# Newbie - kent wa



## jayebarry (Sep 4, 2013)

hi, planning on starting a hive in 2014. I live in Kent WA. I have a few books and a friend who has done this. Does anyone know if I have any restrictions in my community? Also, any beginners tips would be much appreciated. Thanks.


----------



## madeangelo (Sep 1, 2013)

Pretty new myself. Early tips are still fresh in mind. 
1) join your local bee club. For your area it's Puget Sound Beekeeping: http://www.pugetsoundbees.org
2) Participate in their apiary days where you get a chance to "work" the hives and learn from each other. Alternatively you could do Pierce County's club and apiary days which may be closer (Puyallup) 
3) sign up for Puget Sound's workshops (next one is Sept 14 with Michael Bush
4) regs: look at http://www.pugetsoundbees.org/beekeeping-laws/ 
I didn't see Kent specific ordinances but not every city has bee specific laws. 
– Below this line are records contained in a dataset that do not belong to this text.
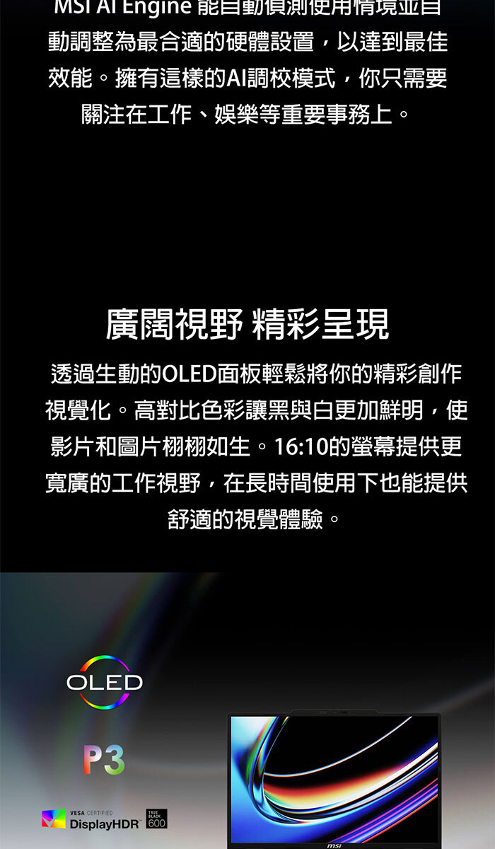 ●螢幕尺寸:16” 2K (2048x1280), 120Hz, OLED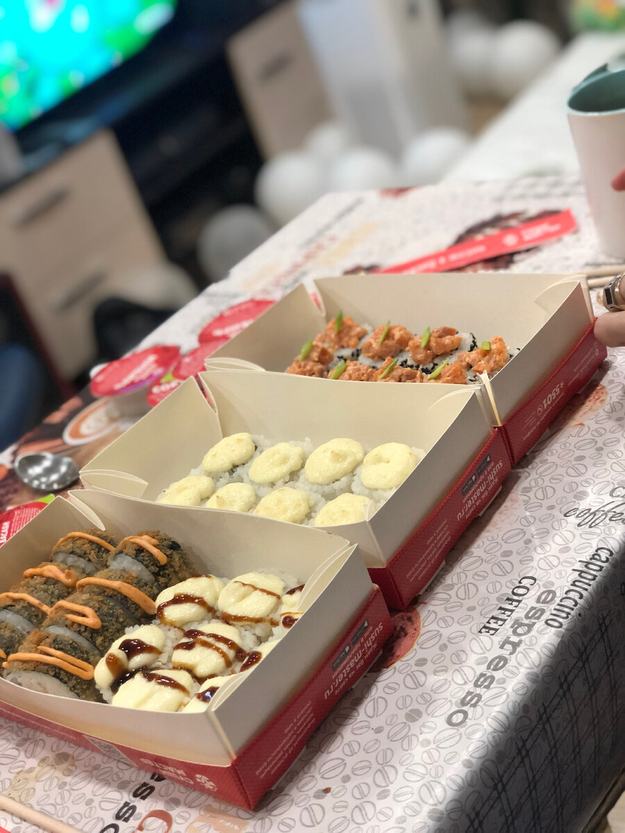 Мы просто обожаем роллы, и, поэтому заказываем их довольно часто. Сегодня я хочу рассказать вам про несколько ресторанов, из которых заказывали мы, чтобы разобраться стоит заказывать или нет. Первая доставка СУШИ МАСТЕР Первое, что мы можем отметить, это быстрая доставка. Ресторан рассчитывает примерное время и привозит намного раньше, что всегда приятно) Второе, размер и вкус. Размер стандартный, роллы точно немаленькие, а вкус просто изумительный! Приезжают роллы в картонных коробочках, соевый соус и имбирь в пластиковых. Заказ делали не раз, каждый раз вкусно и все свежее. По моему мнению, самый вкусный ролл, который нужно попробовать, это Цезарь. Майонезно- чесночная шапочка, нежная курица, рис, пекинская капуста, помидор, очень вкусно. Так же на фото можно увидеть запечённый ролл с лососем, Фишка и Спайс икс. 10/10) Прилагаю фотографии доставок в другие дни) Вторая доставка- ТАНУКИ Мы заказывали сет Ultimate de Luxe за 3650р, сейчас он стоит 4650р 1620г, 56 роллов Это самые вкусн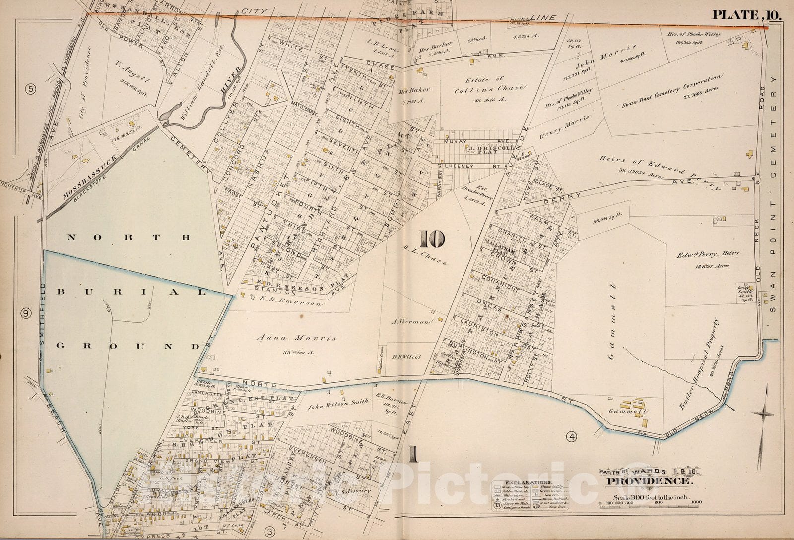 Historic Map : Providence (R.I.), City Atlas Map, Plate 10. Parts of Wards 1 & 10, Providence. 1882 - Vintage Wall Art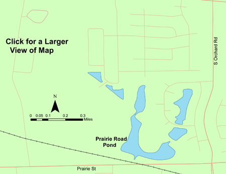 Location: Prairie Road Pond is located in Kane County, 200 yards west of Orchard Road on the north side of Prairie in Aurora.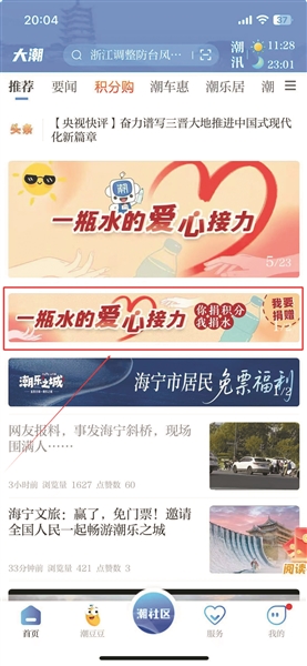 本报讯 7月7日17时,由海宁市传媒中心联合市委社会工作部、市总工会等单位发起的“一瓶水的爱心接力”公益行动上线“‘100积分=1瓶水’你捐积分 我们送水”活动,诚邀每一位大潮APP用户捐赠自己的积分,传递城市的清凉与关爱!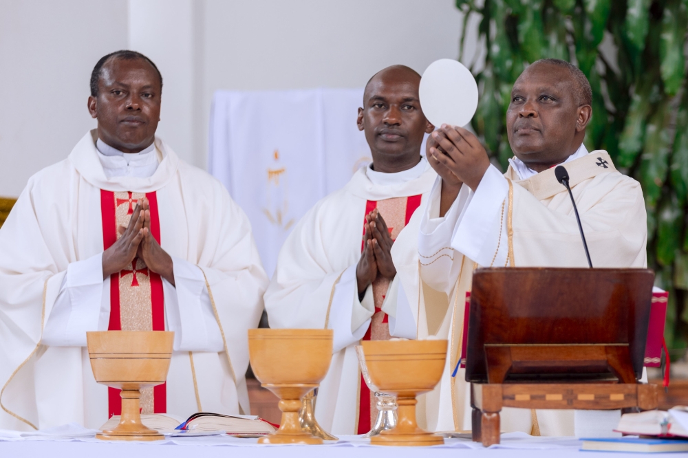 Archbishop of Kigali, Cardinal Antoine Kambanda, leads Holy Communion alongside fellow clerics during the Easter celebration at St Michel Cathedral on Sunday, April 5. All photos by Kellya Keza.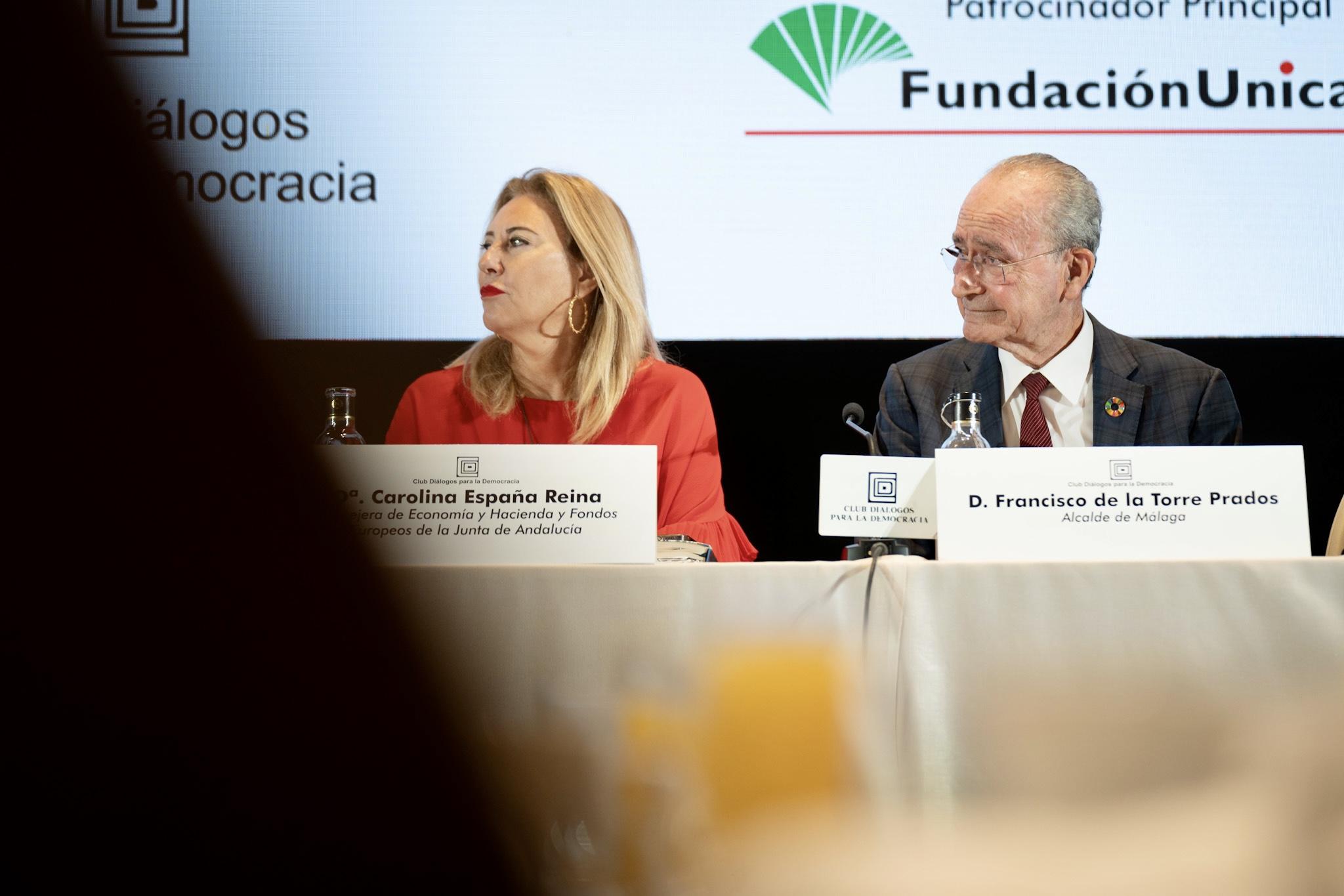 También han asistido el presidente del Club, Diálogos para la Democracia, Antonio Gavilanes; el presidente de la Fundación Bancaria Unicaja, José Manuel Domínguez; el presidente de ARCS Estudios y Servicios Técnicos, José Pedro Alba; el presidente ejecutivo de Sando, Luis Sánchez; y la consejera de Economía, Hacienda y Fondos Europeos, Carolina España.

What you should be thinking about now: 1) is where to get your bees and what type (usually ordered in the Dec-Jan time frame , 2) what type/configuration of hive you want to use, 3) how many boxes to start with. 

There are lots of opinions about #1 and #2 have a few conversations with a bunch of people and then make up your own mind. Pretty much everybody agrees that newbies should start with two hives. 

Have fun.


----------



## Rader Sidetrack (Nov 30, 2011)

Welcome to Beesource!

If you live within the city limits of Kent, WA, then there are some restrictions on apiaries. You can read the municipal code involving bees here:
http://www.codepublishing.com/WA/Kent/html/Kent15/Kent1508.html#15.08.070

You will find a lot of useful beekeeping information on Michael Bush's site:
http://www.bushfarms.com/bees.htm


----------



## AmericasBeekeeper (Jan 24, 2010)

Welcome JB!


----------



## jayebarry (Sep 4, 2013)

Thanks everyone!


----------



## rsderrick (May 7, 2006)

Welcome jayebarry, Welcome, Welcome. Look forward to getting to know you better! Beesource is really great place to learn all about beekeeping and meet some really awesome people! Just keep reading, asking questions, and getting in your bees. It's the best way to learn.


----------



## BGhoney (Sep 26, 2007)

Welcome, there also good bee conventions up in your area .


----------



## Deezil (Jul 1, 2013)

Hey Jayberry,

I'm just "up the hill" in Federal Way & also getting my start next spring

Glad to see another person from my neck of the woods, on here


----------



## jayebarry (Sep 4, 2013)

Looking for a local mentor. Seems like existing clubs are not practical for me due to times and distances.

Deezil, do you have a mentor....

I really want to start with a top bar hive....just reading a book on it now.


----------



## madeangelo (Sep 1, 2013)

Deezil and Jayebarry - 
You may also want to check out the wabeekeepersforum.proboards.com site which includes some local clubs and expertise.


----------